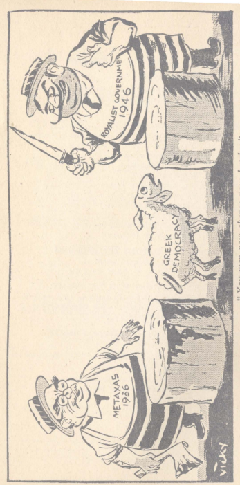
(With acknowledgments to the "News Chronicle") "You may now change your butcher"
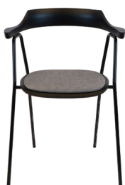
leather / textile mirror upholstery
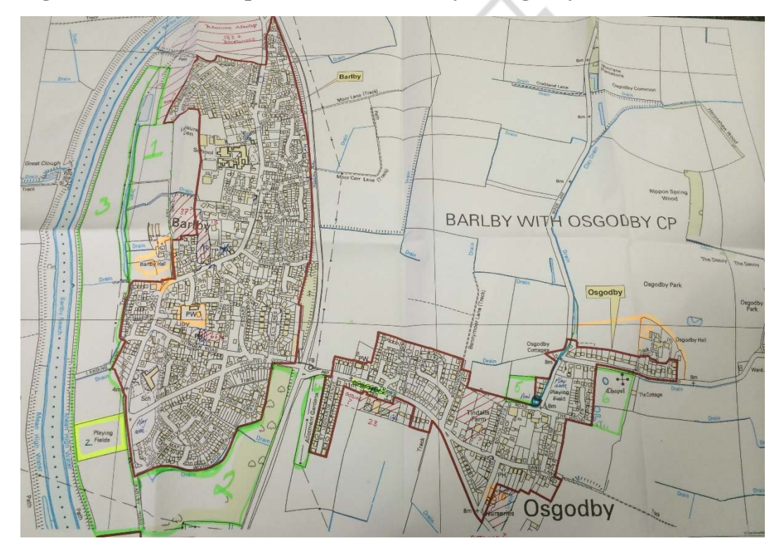
Figure 3.1: Potential expansion land in Barlby & Osgodby

The areas of potential expansion land are shown as red stripes on Figure 3.1 below:
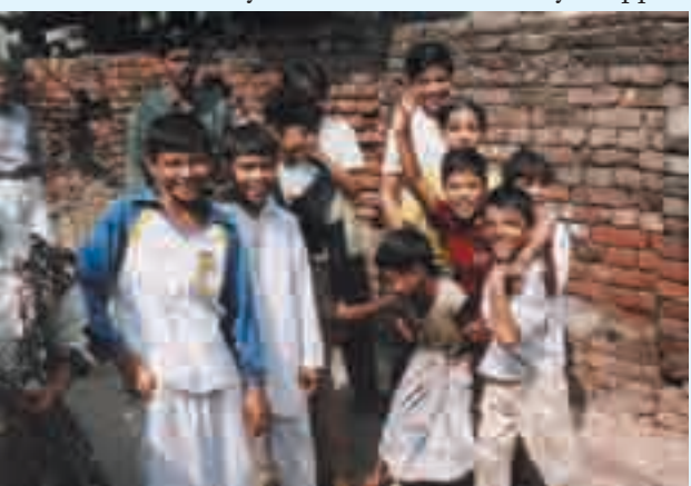
Children in Garden Reach, Kolkata

Elimination activities in West Bengal generally seem to be making good progress, although from what I have seen there are still a few problems. First, there are flaws in the management of MDT. The availability of drug supplies at Primary Health Centers varies, and there are insufficient stocks of children's dosages—a point I was asked to convey to the relevant authorities in Delhi. Second is the problem of defaulters—patients failing to complete treatment. With the integration of leprosy services into the general healthcare system in Kolkata, responsibility for case-holding has passed to local government. As a result, many patients have had to change the clinic where they go for treatment, or have found that they have been inadvertently dropped
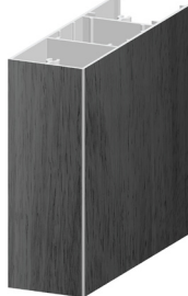
UltraBatten® 50mm x 150mm
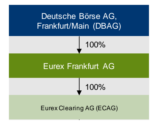
Figure 2. Overview corporate structure

Eurex Clearing AG is a wholly owned subsidiary of Eurex Frankfurt AG that in turn is wholly owned by Deutsche Börse AG ("DBAG"). A control and profit transfer agreement dated 18 November 1998 is in place between Eurex Frankfurt AG and Eurex Clearing AG. Eurex Clearing AG does not have any branches as of 31 December 2022.
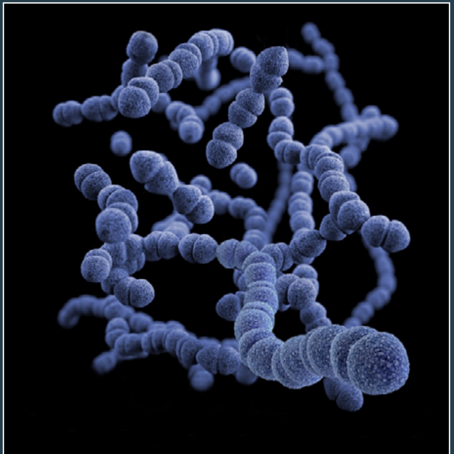
A microscopic image of Streptococcus - a Disease of Public Health Significance.
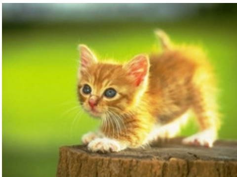
Figure 2-1 A figure
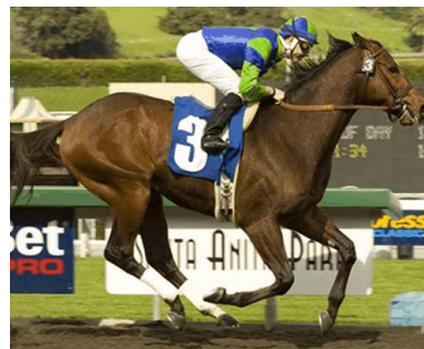
Rail Trip

From his five career starts, undefeated Rail Trip has been behind a total of two horses for about a half-mile in his second career appearance. That could change this
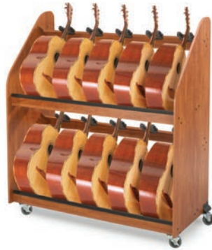
Shown with 10 guitarrons.
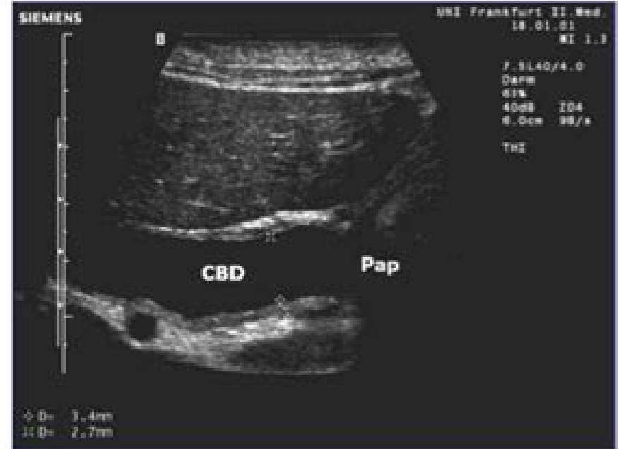
More or less symmetrical thickening of bile duct walls
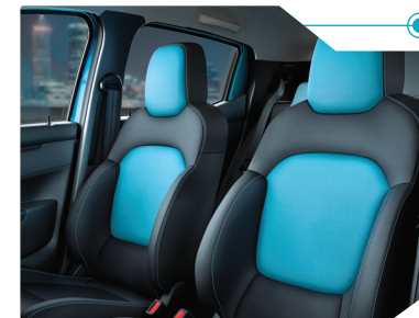
Black Bolster & Zanskar Blue Design Fabric Seat Upholstery
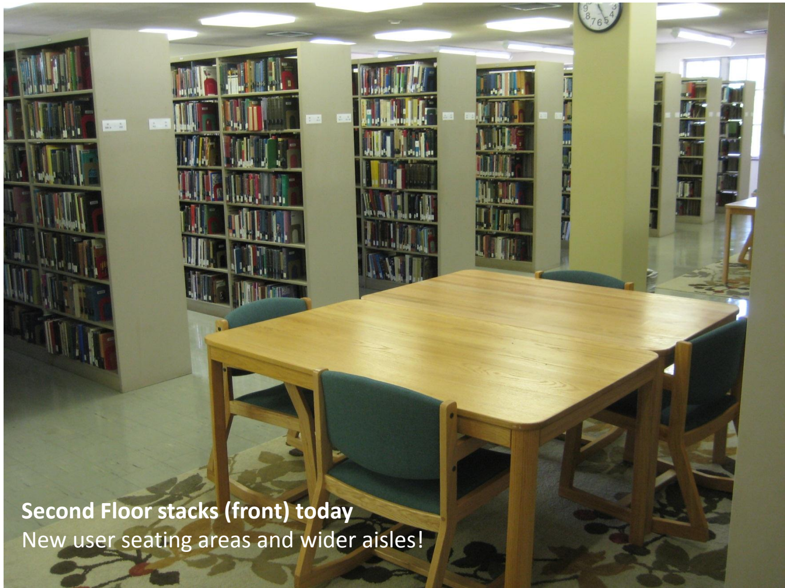
Second Floor stacks (front) today New user seating areas and wider aisles!
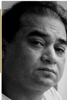
ILHAM TOHTI, CHINA

Sentenced to life imprisonment after an unfair trial for documenting interethnic violence
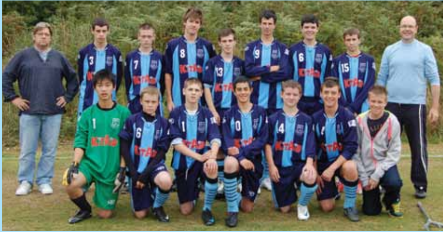
Fleet Town Colts supporting KitAid.

What have Barcelona, Aston Villa , Berkhamsted Raiders, Cottonmill FC (St Albans) and Fleet Town Colts got in common? They have all decided to give something back to their community and proudly wear a charity name on their shirt.
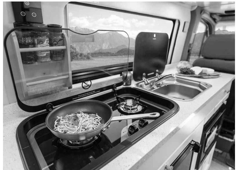
Expanded galley features a 3.1 cu. ft. refrigerator, convection microwave and 2-burner propane stove.
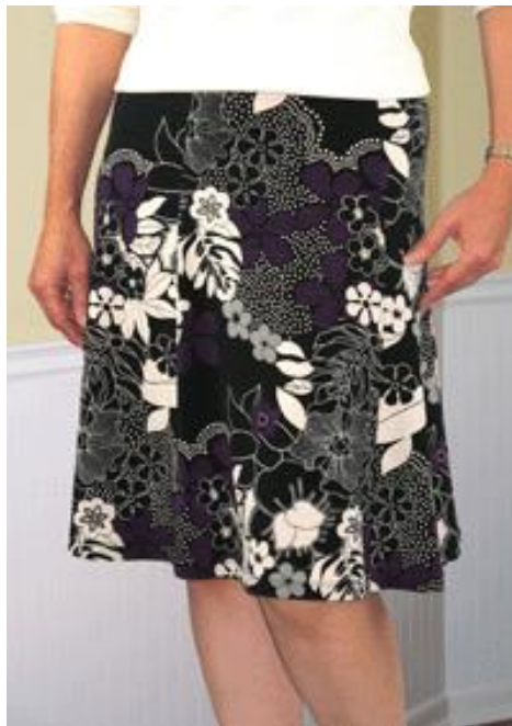
Zinfandel Skirt by Brensan Studios

If you've been in the Store lately, you may have noticed that we rearranged a few things. Please check out our new art supply center. We now carry Paintstiks, metallic Lumiere paints, Lutradur, Angelina fibers and films, beads, fibers, foil and adhesives. Samples are being made and an embellishment class utilizing many of these is scheduled for September 27.
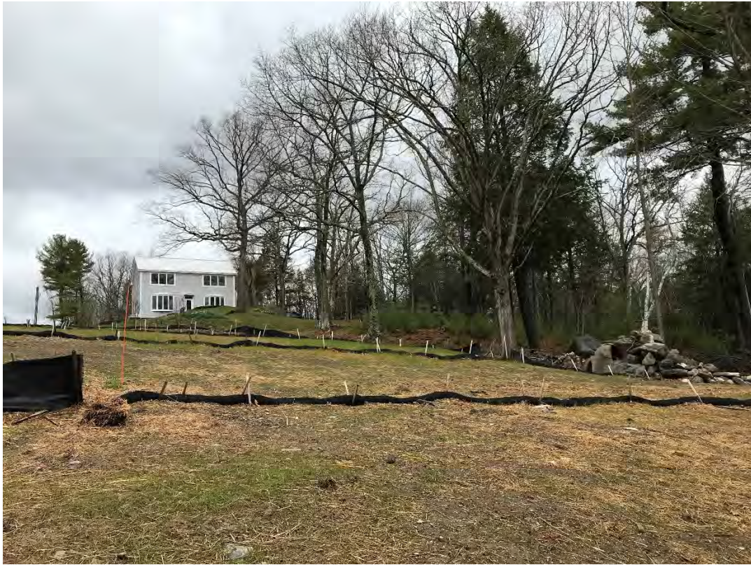
Fig 3: Slope above the cable house at the west side of the bay. Viewing northwest. (04-17-21)
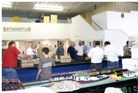
Members ready cars for shipment

We placed a big order with Lionel for our Great Northern Work Train. This was the first time we ordered four club cars at one time. It consisted of the Bunk Car, Tool Car, Welding Car, and a CLRC Drag Racing Team Bunk Car. Our members shipped them on August 25, 2006. One can see these cars in our CLRC Trophy Club Car case.
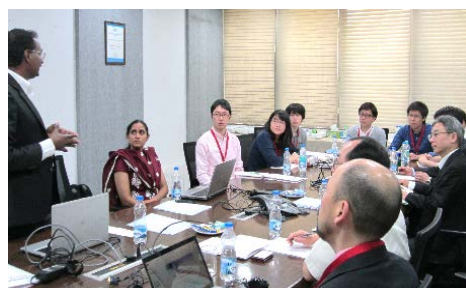
〈 Visiting a company in Bengalure 〉
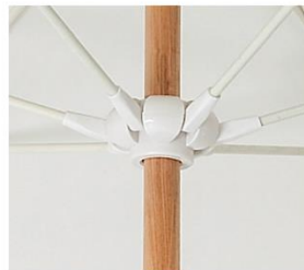
Detail of 6 Rib Hub
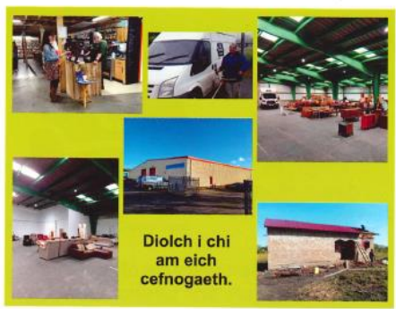
"Striving for Excellence in Supporting Vulnerable People"

As a registered charity, we collect and sell donated furniture, creating employment opportunities for individuals from marginalized backgrounds. Our mission is to provide meaningful work and support to those who need a second chance.
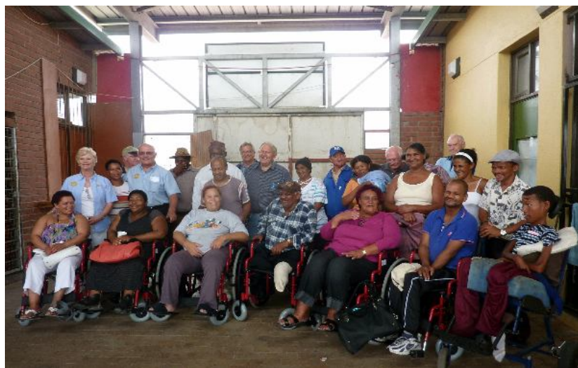
Wheelchair handover in Westbank Can you spot the Bellville Rotarians
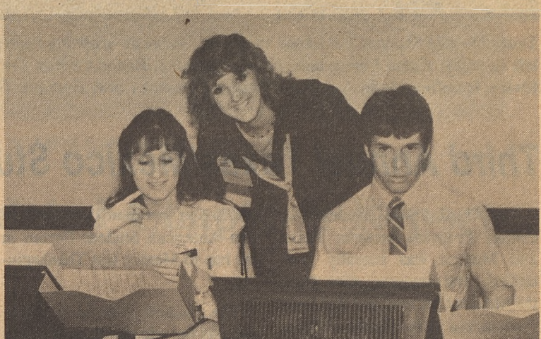
PASF officers counting ballots.
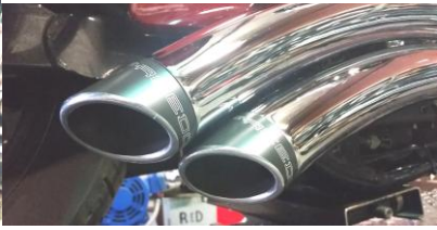
Figure 2.20 Install end caps use some type of locking glue.
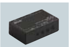
CT-17 CI-V LEVEL CONVERTER For remote transceiver control from a PC equipped with an RS-232C port.
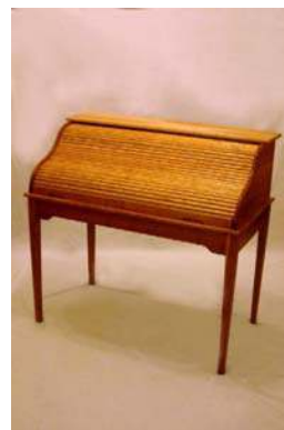
Roll Top table
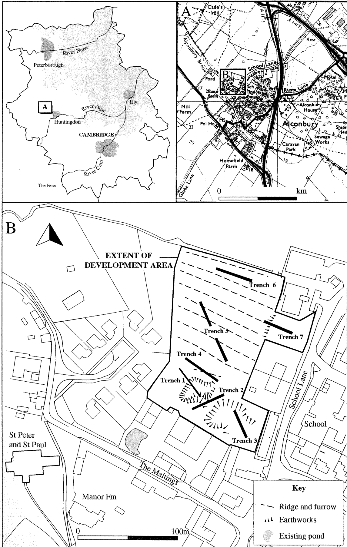
Figure 1 Trench location
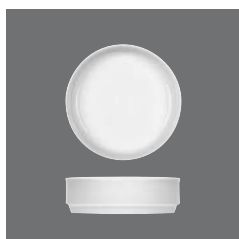
Eintopfschale, Stew bowl, Bol à plat unique, Ensaladera redonda, Insalatiera rotonda
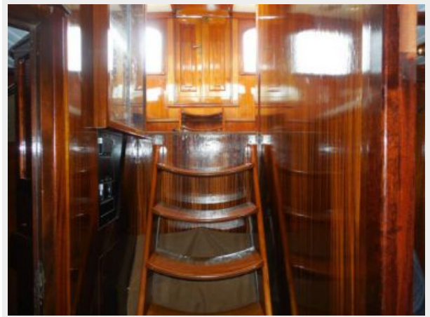
Steps To Deckhouse
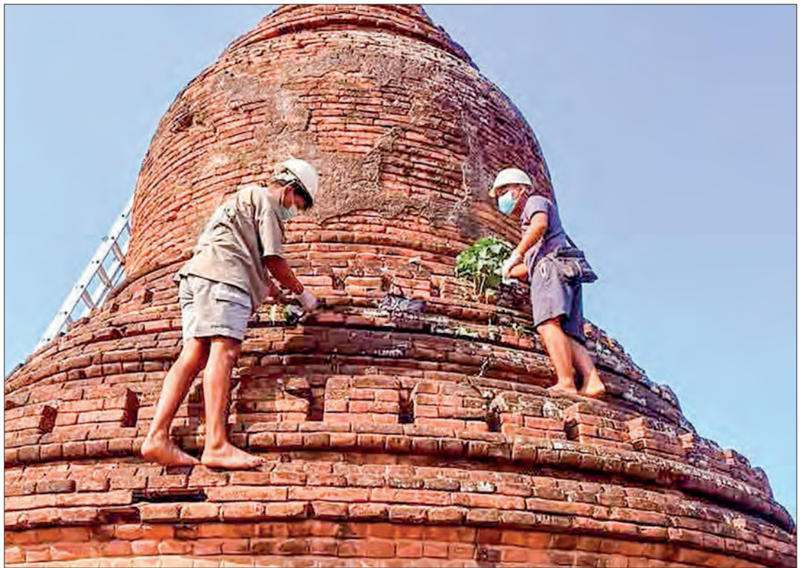
Herbicide treatment is in progress at the four Pyu pagodas north of Thiripyitsaya Ward.

The Bagan Heritage Trust previously conducted similar operations from 26 July to 11 August 2025, during which they successfully treated over 290 plants, including the above-mentioned trees, growing on monuments such as the Taungbi Pitaka
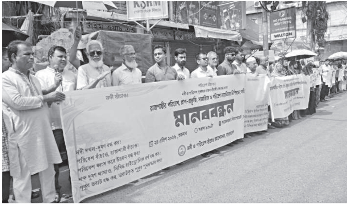
Environmental activists and locals form a human chain at Rajshahi's Saheb Bazar Zero Point yesterday, demanding an immediate halt to river encroachment, pond filling, and noise pollution.

জমি বিক্রয় পুরাতন নান্দনিক পরিবেশে আইকনিক টাওয়ারের পাশে ২০ নম্বর সেক্টরে ৫ কাটার একটি প্রুট বিক্রি হবে। সেবারা ০১৯৯২-০৭৭০৩৪, ০১৯৯২-০৭৭০৩৫

Task prompt> Only the lines above that include the word "land" belong in the answer; copy each one.

Answer to this problem>
Figure 3.1: Potential expansion land in Barlby & Osgodby
The areas of potential expansion land are shown as red stripes on Figure 3.1 below:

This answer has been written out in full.